Polio threat brings united effort


GENEVA — Some 21 nations in the Middle East and nearby regions have jointly made the eradication of polio an emergency priority and recognized that Pakistan is a key part of the problem, the World Health Organization said Wednesday.

    The joint resolution by nations who are part of the U.N. health agency’s Eastern Mediterranean region have called on Pakistan to urgently vaccinate all of its children to prevent the virus from spreading internationally.

    Pakistan also approved the resolution, which the Geneva-based agency says includes Afghanistan, Bahrain, Djibouti, Egypt, Iran, Iraq, Jordan, Kuwait, Lebanon, Libya, Morocco, Oman, Qatar, Saudi Arabia, Somalia, Sudan, Syria, Tunisia, the United Arab Emirates and Yemen.

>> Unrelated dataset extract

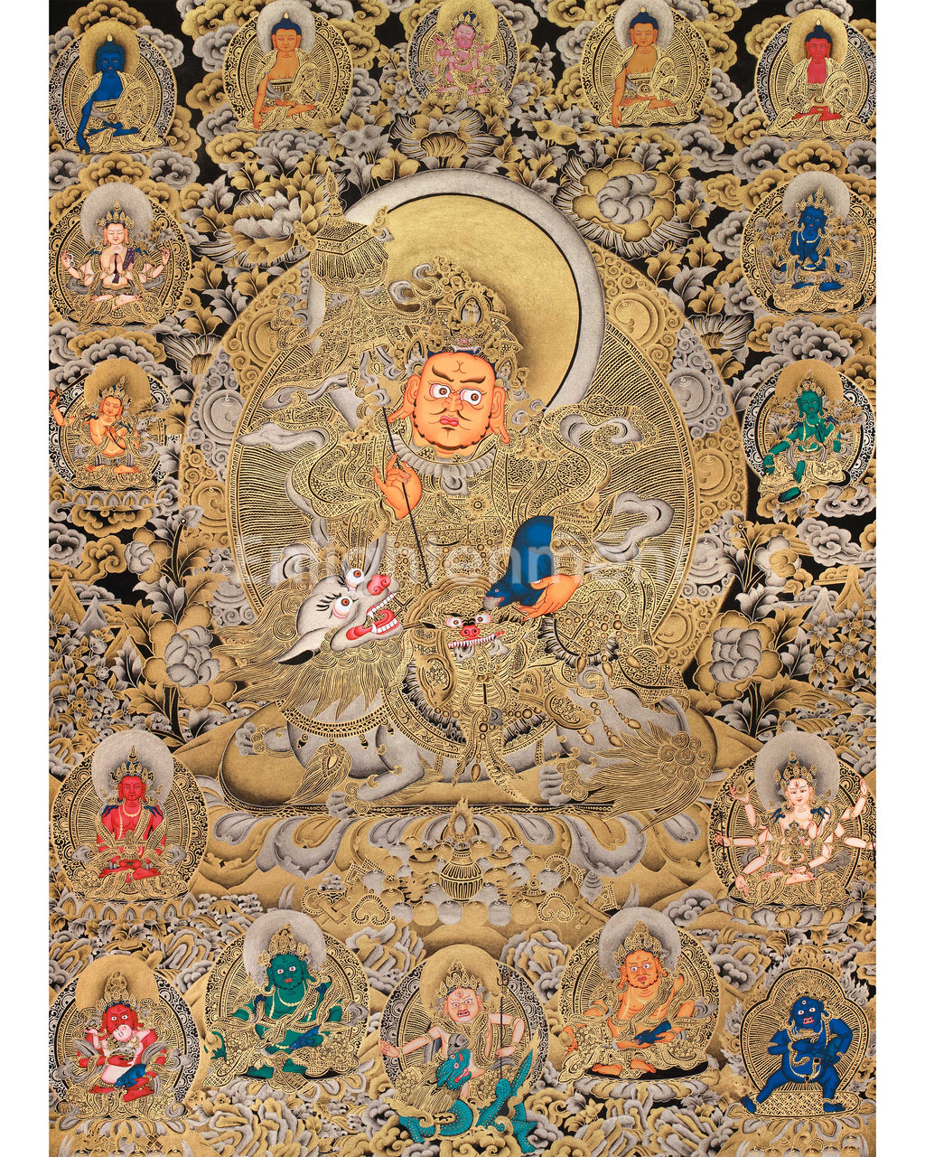 Witness the majestic might of Vaishravana, the Guardian of the North, in this exclusive Thangka skillfully rendered in gold on a black canvas. This stunning piece measures 21" wide by 30" high, creating a commanding presence that transforms any space into a realm of divine protection and abundance. Every inch of this Thangka is embellished with intricate gold details, capturing the celestial splendor of Vaishravana’s armor and the swirling motifs of the surrounding deities. The dramatic black background enhances the brilliance of the gold accents, infusing the artwork with an ethereal radiance.

    The problem is particularly challenging in Pakistan, where a U.N.-backed eradication campaign has suffered from violence and mistrust directed against polio workers and people who want their children vaccinated.

    Earlier this week, WHO officials said the polio virus has now been confirmed in 13 of 22 children who became paralyzed in a northern Syrian province. The health agency said the Syria outbreak comes from a strain that originated in Pakistan, where, along with Afghanistan and Nigeria, it is endemic — and has been spreading across the Middle East.

    It said the virus has been detected in Egypt, and closely related strains of Pakistani origin turned up in sewage samples in Israel, the West Bank and Gaza Strip, but higher immunization rates in those places have helped keep the virus in check.

    A third of the nations in the WHO’s Eastern Mediterranean region are conducting mass polio vaccination programs, the agency said, and more such campaigns are planned for December.

    The nations in those regions also said they are trying to improve access for health workers to reach children who have not yet been vaccinated.

    WHO said its emergency “outbreak response” to polio in Syria and the region is expected to continue at least six to eight months more.